Processo Scarano, dopo dieci anni rinvio a gennaio del 2024

Di Antonio Manzo
Bisognerà aspettare fino a gennaio 2024 per avere dieci anni dopo una parola fine ad un processo catalogato dalla cronaca della Vatican connection. Se ne parlerà 16 gennaio del prossimo anno dopo che la Corte di Appello di Salerno ha rinviato il processo a carico di monsignor Nunzio Scarano, già responsabile dell’ufficio contabilità dell’Aspa (Amministrazione del patrimonio della sede apostolica). Per monsignore se ne parlerà sempre a gennaio dopo aver subìto la condanna in primo grado per il reato di riciclaggio a sette anni di reclusione. Rinvio anche per la commercialista Tiziana Cascone condannata a tre anni e sei mesi di reclusione.

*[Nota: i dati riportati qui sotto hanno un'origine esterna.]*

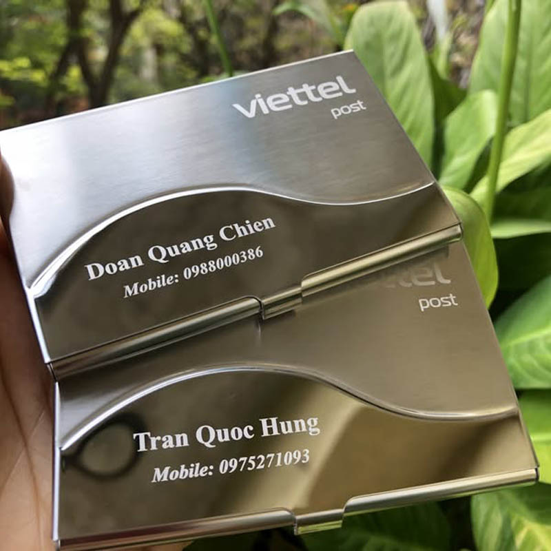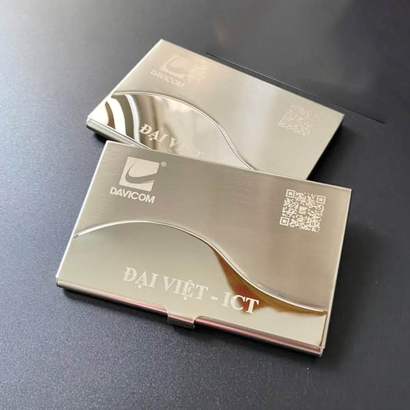 Giá trị cốt lõi và độc đáo của Hộp Namecard Kim Loại nằm ở khả năng khắc logo theo yêu cầu. Phương pháp khắc laser là lựa chọn hàng đầu và gần như duy nhất cho chất liệu kim loại: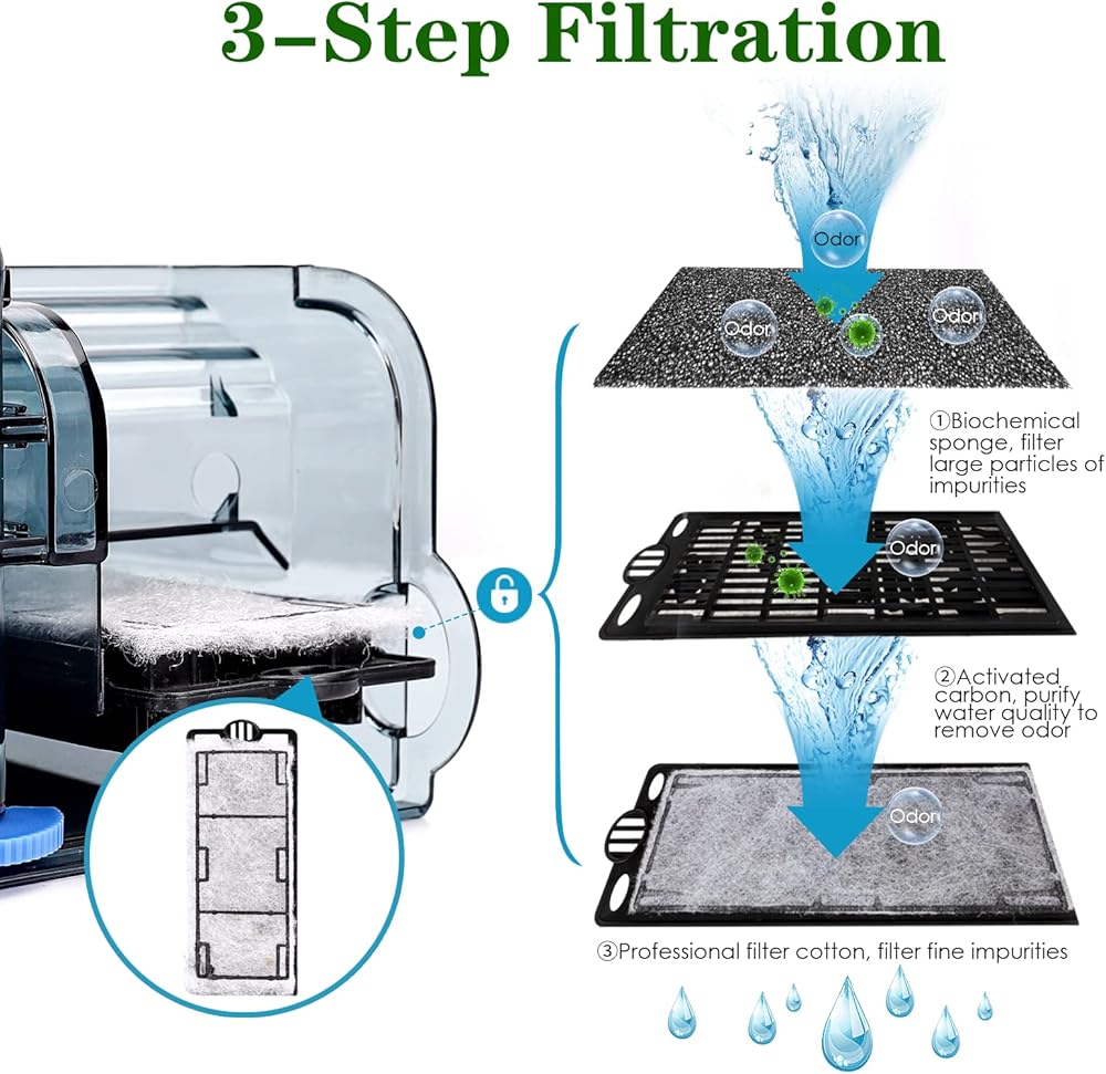 【ترشيح بثلاث خطوات】تمنع الإسفنجة الكيميائية الحيوية عند مدخل المياه استنشاق الرمل والأسماك. يحمل الماء المستنشق فضلات الأسماك والشوائب الأخرى، ويمر عبر طبقة من الإسفنج الكيميائي الحيوي، وطبقة من وسائط الكربون المنشط، وطبقة. من قطن الفلتر الاحترافي لتحقيق وظيفة تحسين جودة المياه. يمكن استبدال طبقة الفلتر، ويوجد في المتجر طبقة فلتر منفصلة للبيع.

Sarà compito dei giudici della Corte di Appello eventualmente confermare la sentenza di primo grado e sentenziare la fondatezza dell’accusa per il reato di riciclaggio compiuto da Scarano con i conti esteri dell’imprenditore D’Amico. Già nel 2014 il Tribunale di Salerno alla terza udienza dello stesso processo rigettò l’eccezione di incompetenza territoriale per reati compiuti a Roma. Al centro del processo l’accusa formulata della procura della Repubblica di opaca tracciabilità dei titoli, come ad esempio quello di 60.000 euro pagati per restaurare il sarcofago di Papa Gregorio VII finanziato con denaro del cavaliere Antonio D’Amico. Secondo l’accusa del pm il monsignore presso l’Aspa gestiva i fondi di beneficenza utilizzando la cassaforte vaticana per riciclare fondi di dubbia provenienza dall’estero, sostanzialmente immessi nuovamente nei conti correnti già aperti preso gli sportelli della banca vaticana.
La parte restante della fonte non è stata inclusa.